Он поступил в Киевский политехнический и блестяще его закончил. Как пораженный в правах, он учился почти нелегально, благодаря сочувствию ректора института, и, чтобы не подводить его, по окончании не стал защищать диплома. Затем он долго работал простым рабочим в Нижнем Новгороде. Дальнейшие сведения о нем глухи и отрывочны. Сводятся они к тому, что после революции в России он работал инженером сначала в Манчжурии на строительстве железной дороги, а затем на Кавказе. В 1933 году он был арестован как сионист и вскоре умер в тюрьме…
Теперь коротко о других персонажах нашего повествования.
Что касается Вячеслава Константиновича Плеве и Михаила Осиповича Меньшикова, то оба они — известные исторические фигуры и сведения о них можно найти в любой солидной энциклопедии.
Однако чтобы не заставлять читателя рыться в справочниках, укажу, что Плеве после описанных нами событий, прожил чуть больше двенадцати месяцев: 15 июля 1904 года он был убит в Петербурге взрывом бомбы, брошенной террористом-эсером Егором Созоновым. Меньшиков же еще много лет трудился на ниве российской словесности, приобретая все большую известность как публицист, умеющий совмещать проповеди христианской любви к ближнему с разжиганием национальной ненависти и призывами к еврейским погромам. В 1918 году был расстрелян большевиками.
Другие два персонажа — Фрида и Мойша Либерман — как мог догадаться читатель, вымышленные, и их дальнейшая судьба всецело в наших руках. Читатель вправе домыслить их жизнь по собственному усмотрению.

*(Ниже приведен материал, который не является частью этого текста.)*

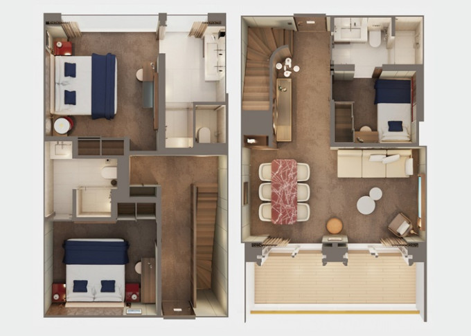 | H8 - Apartmá The Heaven Duplex Suita s velkým balkónem Dvoupodlažní apartmá. 74 m² / balkón 13 m².15/16. paluba. Max 6 osob. Výhody The Haven. | 266 460 Kč 133 230 Kč za osobu | ||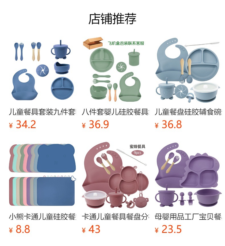 【品名】:儿童餐具套装 【材质】:食品级硅胶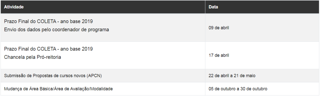 O calendário de atividades da Diretoria de Avaliação para 2020 foi publicado nesta quarta-feira, 27, no Diário Oficial da União. A Portaria nº 252 de 2019 estabelece os prazos finais do Coleta, a submissão de propostas para Avaliação de Proposta de Cursos Novos (APCN) e a Mudança de Área Básica, de Avaliação ou Modalidade.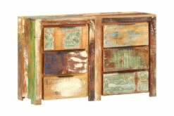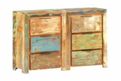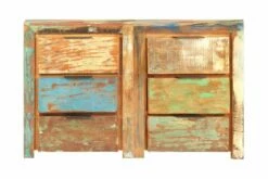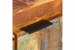 Skuffeskapet er laget av gjenvunnet heltre, hentet fra bjelker, gulv og støttebjelker fra gamle revne bygninger. Det kan bestå av forskjellige tresorter som teak, løvtre, tropisk tre, palisander, mangotre, palisander osv. Dette betyr også at gjenvunnet tre beholder egenskapene til disse forskjellige treslagene. Gjenvunnet tre er allerede eldet, forvitret og tørket. Derfor krymper de ikke eller bøyer seg. Håndverket og de vakre trekornene gjør hvert møbel unikt og litt annerledes enn det neste. Hver skjenk har 3 skuffer, noe som gir god lagringsplass for å holde viktige ting organisert og innen rekkevidde. Viktig merknad: Farger og korn varierer fra stykke til stykke, noe som gjør hvert stykke unikt; hvert stykke leveres med tilfeldig mønster.

Но если понадобится помощь автора, то я скажу, что Мойша Либерман стал крупным ученым, создал свою научную школу и был окружен всеобщим почетом.
После Октября он стал одним из первых ученых, которые признали Советскую власть и стали активно с нею сотрудничать. В годы гражданской войны Либерман испытал тяжелые лишения в голодном Петрограде. Он потерял жену и единственного сына, умерших от тифа.